Barış İçin Akademisyenler’in Türkiye devletine şiddete son verme ve müzakere koşullarını hazırlama çağrısı yaptığı “Bu Suça Ortak Olmayacağız” bildirisi 11 Ocak’ta Türkiye’de 89 üniversiteden 1128, yurtdışından 355’i aşkın akademisyen ve araştırmacının imzasıyla yayınlanmıştı.
Baluken, imzacı akademisyenlerin hedef gösterilme, mobbing, görevden alma, tutuklama, gözaltına alınma, ihraçlarla karşılaştığını hatırlattı.
“Hukukun üstünlüğünü korumakla görevli olan Türkiye Büyük Millet Meclisinin imzacı akademisyenlere karşı geliştirilen baskı, keyfi ve usulsüz uygulamalar ile hukuksuzluklar kapsamlı bir şekilde araştırması ve açığa çıkarması elzemdir” dedi.
“91’i atıldı, 4’ü tutuklandı, 44’ü ihraç edildi”
Baluken’in Meclis Başkanlığı’na sunduğu araştırma önergesi gerekçesinde imzacı akademisyenlerin karşılaştığı uygulamalar şöyle sıralandı:
“12 Ocak 2016’da Cumhurbaşkanı barış ve çözüm talep eden ve bu temelde düşünce beyanında bulunan akademisyenleri hedef alan ve ihanet ile suçlayan açıklamalarda bulundu. İmzacı akademisyen ve araştırmacılar ‘terör destekçisi’, ‘vatan haini’ gibi ithamlarla karşılaştı.
“ İmzacı akademisyenlere yönelik geliştirilen tüm bu hukuksuzluklar sonucu;
* 58’i kamu üniversitelerinde 33’ü vakıf üniversitelerinde olmak üzere toplam 91 akademisyen işten çıkartıldı,
* 14 akademisyen zorla istifa ettirildi,
* Biri zorla emekli edildi,
* 511’i hakkında disiplin soruşturması açıldı,
* 88’i görevden uzaklaştırıldı,
* Yedisi bulundukları idari görevlerden alındı,
* 41’i gözaltına alındı
* Dördü belirli bir süre tutuklu olarak cezaevlerinde kaldı.
* Darbe girişimi ve paralel yapılanma ile hiçbir ilişkileri olmadığı bilindiği halde 44’ü 1 Eylül’de yayınlanan 672 sayılı OHAL KHK’si ile kamu görevinden ihraç edildi.
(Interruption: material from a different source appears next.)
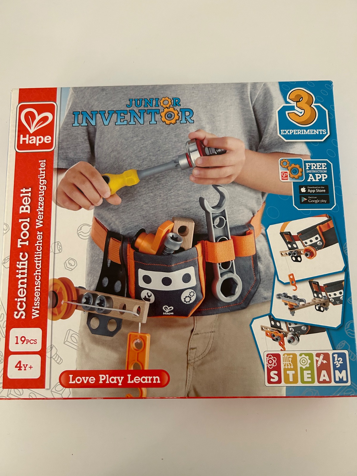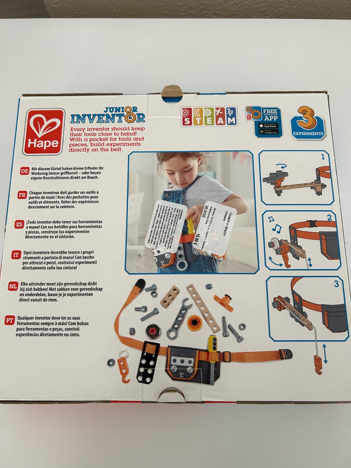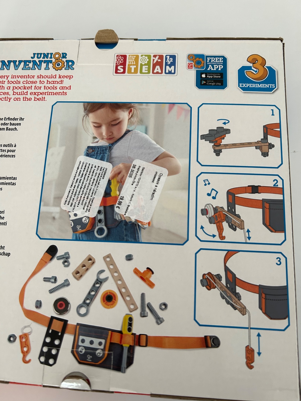Každý vynálezca by mal mať svoje nástroje po ruke! S vreckom na nástroje a kúsky, možnosť stavať experimenty priamo na páse. Držte svoje nástroje po ruke, zdvíhajte veci žeriavom, utiahnite matice a skrutky kľúčom, dokonca signalizujte svojim priateľom so zvončekom!

“İfade özgürlüğü ayaklar altına alındı”
Baluken, akademisyenlere dönük bu uygulamayı “AKP hükümetinin düşünce ve ifade özgürlüğünü, bilimsel ve akademik özgürlükleri, barış, demokrasi ve hukukun üstünlüğünü ne derece ayaklar altına aldığının en somut örneklerinden biri” olarak tanımladı.
“İmzacılar öncelikli olarak Türkiye halklarını ilgilendiren can yakıcı bir sorun karşısında ifade özgürlüğü ve onun özel bir biçimi olan bilim özgürlüğü kapsamında ortak bir düşünce açıklamasında bulunmuş ve muhatabı oldukları devlet organizmasından barışçıl çözüm yollarını tercih etmesini talep etmişlerdir.
“Bilim insanlarının kişisel, bilimsel görüşünü ifade ve sanatsal dışavurum hakkını her türlü koşulda korumakla yükümlü olması gereken üniversite yönetimleri ise siyasi baskı ve siyasi saikler ile hareket ederek yukarıda belirtilen hukuksuzluklara imza attı.”